Galifer R B, Aubert D, Couture A, Veyrac C, Barneon C, Kötter R
Service de Chirurgie Infantile, CHU Saint-Charles, Montpellier.
Chir Pediatr. 1988;29(6):318-24.
Primary ureteral tumors are rare and benign ones constitute only a small portion. Of the benign neoplasms, fibro epithelial polyps are probably the most common and could be considered to be an exceedingly rare cause of Hydronephrosis in children. The exact etiology of benign ureteral polyps is not certain but it is likely that they have a congenital one. They are mesodermal in origin and consist of a thick fibrous stalk covered by a layer of normal transitional epithelium. They are more commonly found in boys (80.6%), who present usually with abdominal pains or renal colics. Fibro-epithelial polyps often rise in the proximal ureter and renal pelvis, especially at the left side (69.4%). Radiographic signs are those of a non typical uretero-pelvic Junction obstruction. IVP and retrograde ureterogram usually demonstrate a long, thin, filiform, lucent filling defect within the ureteral lumen with moderate hydronephrosis. Appropriate treatment of these benign tumors is local excision with or without segmental resection. Prognosis should be considered as excellent without a report of recurrence. A review of the literature revealed 33 cases of ureteral polyps in children. We report here 3 additional cases of obstructing fibro epithelial polyps, observed in boys aged respectively 4, 8 and 9 years.

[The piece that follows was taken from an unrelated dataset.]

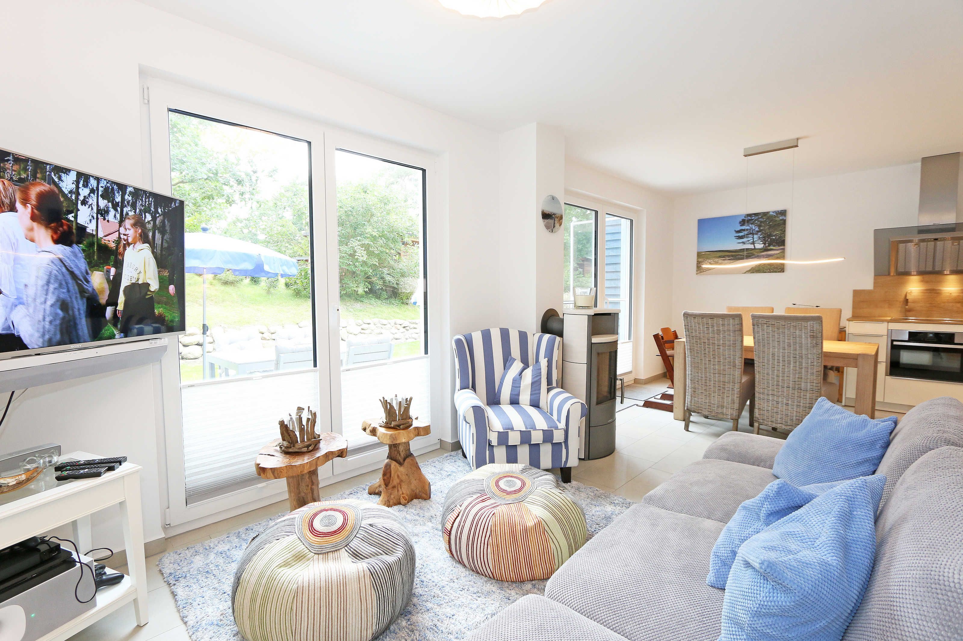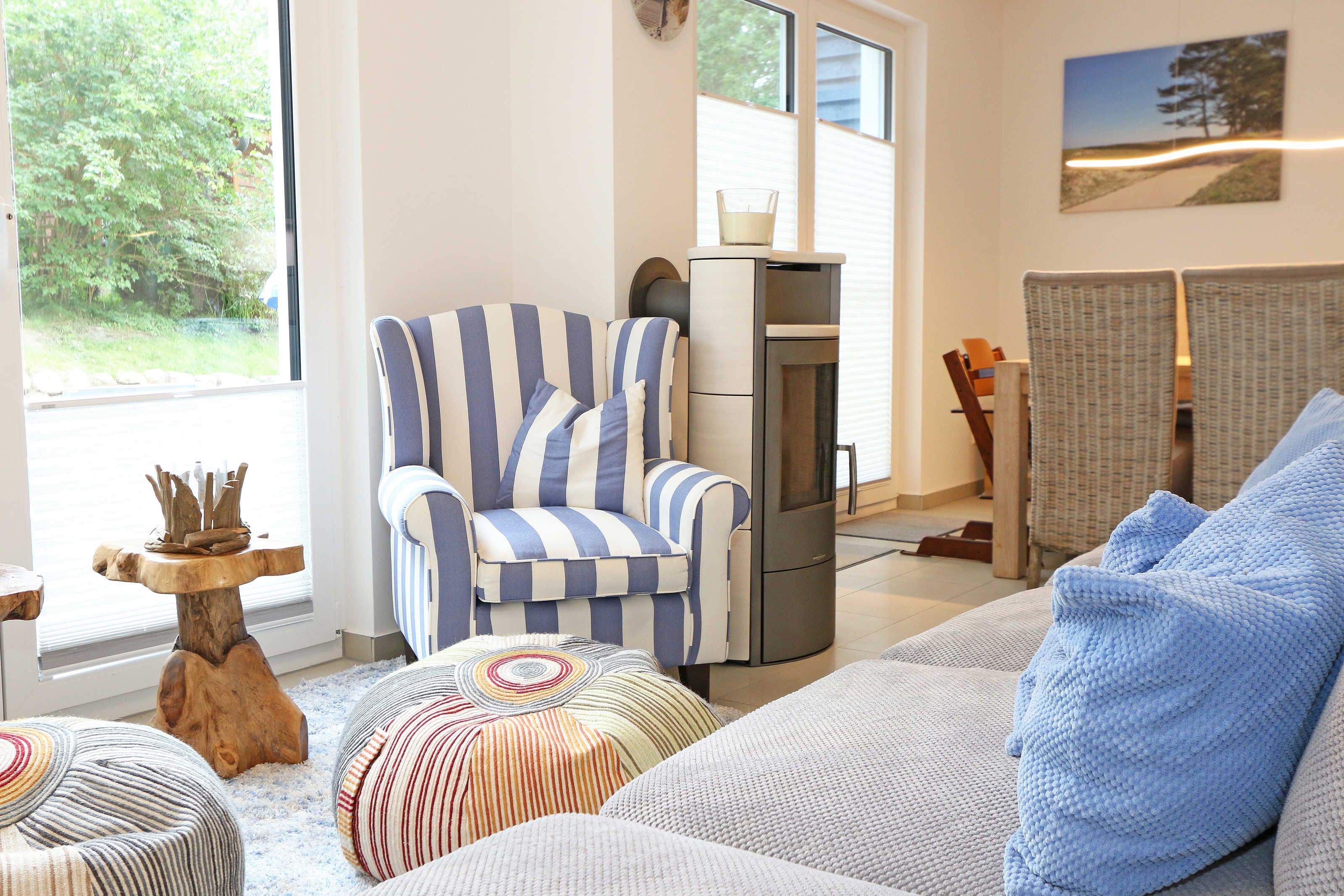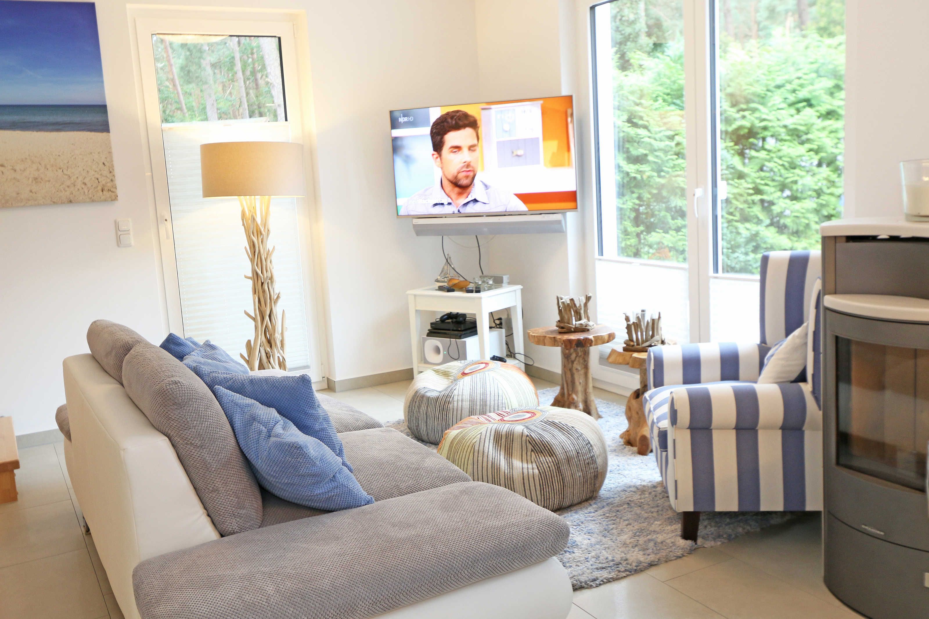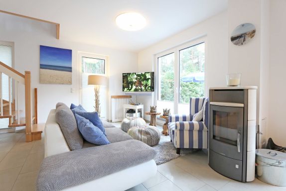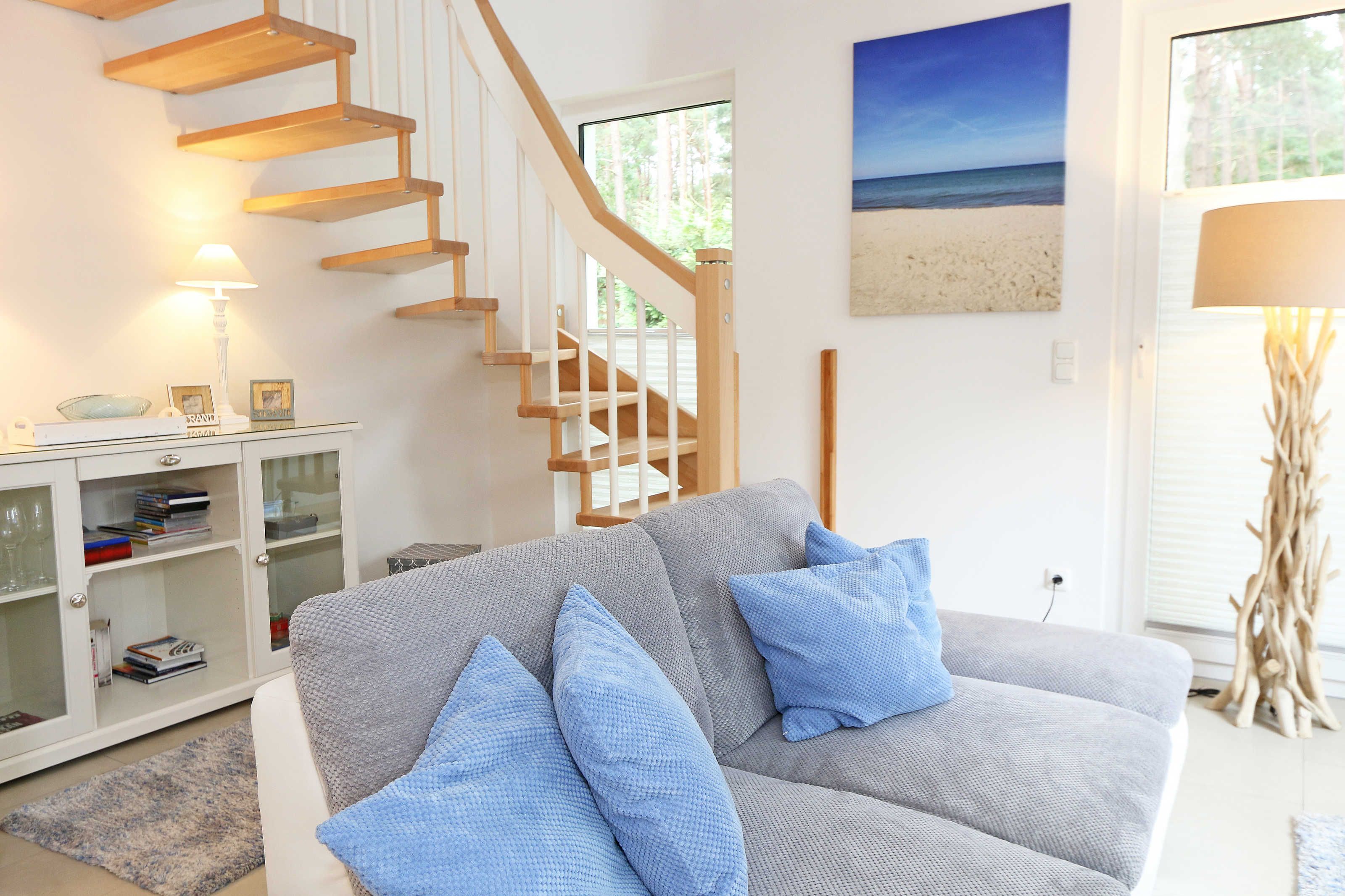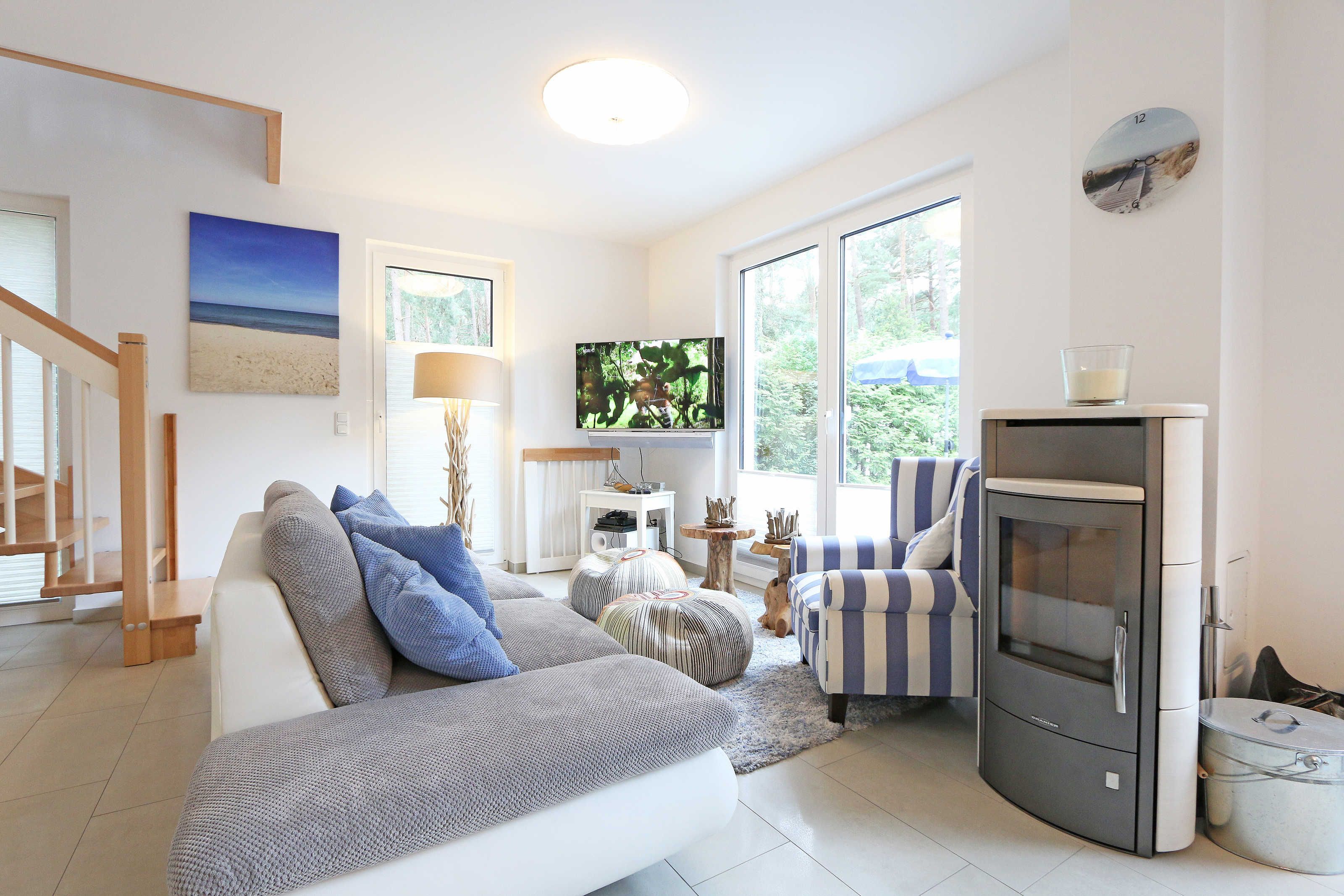Das Nichtraucherferienhaus „Blaue Welle“ befindet sich in einzigartiger Lage, im Dünenpark Baabe. Durch die großzügige Wohnfläche von ca. 95 qm, welche sich über 2 Etagen erstreckt, bietet Ihnen das Haus ausreichend Platz für max. 5 Erwachsene und 1 Kleinkind bis 3 Jahre im Kinderreisebett. Die Innenausstattung wird Ihr Herz höher schlagen lassen, denn durch die angefertigten Echtholzmöbel sowie die Einbauküche aus dem Hause Leicht werden besondere Akzente im Haus gesetzt. Der kombinierte Wohn-/Essbereich wurde mit einer gemütlichen Couchecke, Couchtisch, einem Hocker, Leselampe sowie ein Sideboard ausgestattet. Für gemütliche Abende dient ein Flachbild-TV mit passender Soundbar von SONY, ein DVD-Player durch die PS4 und ein moderner Kaminofen mit großem Sichtfenster. Auch auf einen Internetanschluss (WLAN) brauchen Sie nicht verzichten dieser ist für Sie inklusive. Die angrenzende Einbauküche lässt keine Wünsche offen mit einem Kühlschrank inklusive großem Eisfach, ein Cerankochfeld, einer Dunstabzugshaube, ein kombinierter Backofen mit Mikrowelle, einem Geschirrspüler, einer Duo-Kaffeemaschine (Pads und Filter/Phillips Senseo Thermo Duo), einem Toaster, einem Wasserkocher, einem Handrührgerät, einem Pürierstab sowie vielen Küchenhelfer. Vom Wohnbereich gelangen Sie auf die großflächige und beleuchtete Terrasse (Süd/West) mit robuster Bestuhlung. Im Gartenbereich wartet zusätzlich ein Ostseestrandkorb sowie ein Steingrill auf Sie. Im Erdgeschoss befindet sich eines von insgesamt 3 Schlafzimmern, welches mit einem Queensize-Bett (1,40 m x 2,00 m), 2 kleinen Schränken, 2 kleinen Sesseln und einem Flachbild-TV ausgestattet ist. Gleich gegenüber befindet sich das ebenerdige Badezimmer mit einer Echtglasdusche, WC, Fön, Waschtisch sowie einer hauseigenen Sauna. Über die Treppe gelangen Sie vom Wohnbereich in die 1. Etage des Hauses, wo Sie eine lichtdurchflutete und offene Galerie erwartet. Hier lässt es sich wunderbar mit einem Buch relaxen. 2 weitere Schlafzimmer sind hier hell und freundlich eingerichtet worden und bieten Ihnen jeweils 1 Doppelbett (1,80 m x 2,00 m), 2 Nachttischablagen, ein Flachbild-TV und Echtholzkommoden. Bei geöffnetem Fenster können Sie dem Wellenspiel der Ostsee zuhören. Alle Schlafräume sind mit verdunkelnden Rollos oder Plissee und Insektenschutzgitter versehen, so dass einem ruhigen Ausschlafen nichts im Wege steht. Das 2. Tageslichtbad wird durch eine ebenerdige Dusche, eine formschöne Badewanne, ein WC, einen Fön, einen Waschtisch sowie einen Waschtrockner abgerundet. Für eine angenehme Wärme sorgt in allen Räumlichkeiten die Fußbodenheizung. Zusätzliche Highlights sind eine Entkalkungsanlage sowie eine verbrauchsarme Gasbrennwerttherme. Für unsere kleinen Gäste stehen 1x Tripp-Trapp Hochstuhl und 1x Kinderreisebett (mit Zusatzkindermatratze / ohne Bett-Inlett) kostenfrei zur Verfügung. Auch 2 vorhandene Fallschutzgitter für die Treppe oder auch Steckdosenschutz sind vorhanden. Haustiere sind nicht erlaubt. Zum Ferienhaus gehören 2 nebeneinander gelegene PKW-Stellplätze (Blaue Welle). Die Erstausstattung eines Wäschepaketes (komplette Bettwäsche, 1 Duschhandtuch, 2 kleine Handtücher) können Sie bis 14 Tage vor Anreise gegen einen Aufpreis dazu buchen oder durch eigene ergänzen. Ab 2 gebuchten Paketen erhalten Sie einmalig 1 Geschirrhandtuch und 1 Duschvorleger hinzu.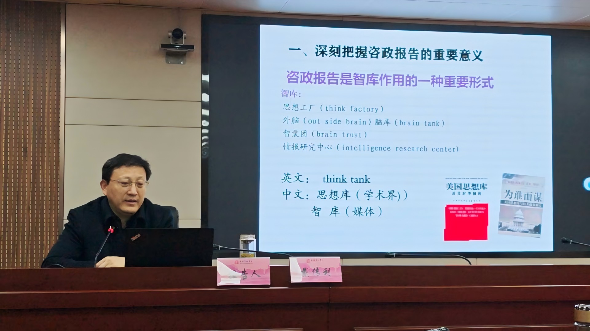 在讲座中,戴传利教授结合自身多年咨政研究经验,围绕咨政报告的重要意义、撰写方法与文本写作等,从选题方向、框架设计、数据支撑、政策建议撰写技巧等方面展开深入讲解,并通过案例分析分享了如何提升咨政报告的针对性与可操作性。他强调,咨政报告的核心在于服务决策需求,需立足实际、聚焦问题、科学论证,做到“言之有据、言之有理、言之有用”。

原发性输尿管肿瘤较为罕见,其中良性肿瘤仅占一小部分。在良性肿瘤中,纤维上皮息肉可能最为常见,可被视为儿童肾积水极为罕见的病因。良性输尿管息肉的确切病因尚不确定,但很可能具有先天性。它们起源于中胚层,由一层正常移行上皮覆盖的粗大纤维蒂组成。它们更常见于男孩(80.6%),通常表现为腹痛或肾绞痛。纤维上皮息肉常起源于输尿管近端和肾盂,尤其是左侧(69.4%)。影像学表现为非典型输尿管肾盂连接处梗阻。静脉肾盂造影(IVP)和逆行输尿管造影通常显示输尿管腔内有长而细的丝状透亮充盈缺损,并伴有中度肾积水。这些良性肿瘤的适当治疗方法是局部切除,可伴或不伴节段性切除。预后应被视为良好,尚无复发报告。文献回顾显示有33例儿童输尿管息肉病例。我们在此报告另外3例梗阻性纤维上皮息肉病例,分别见于4岁、8岁和9岁的男孩。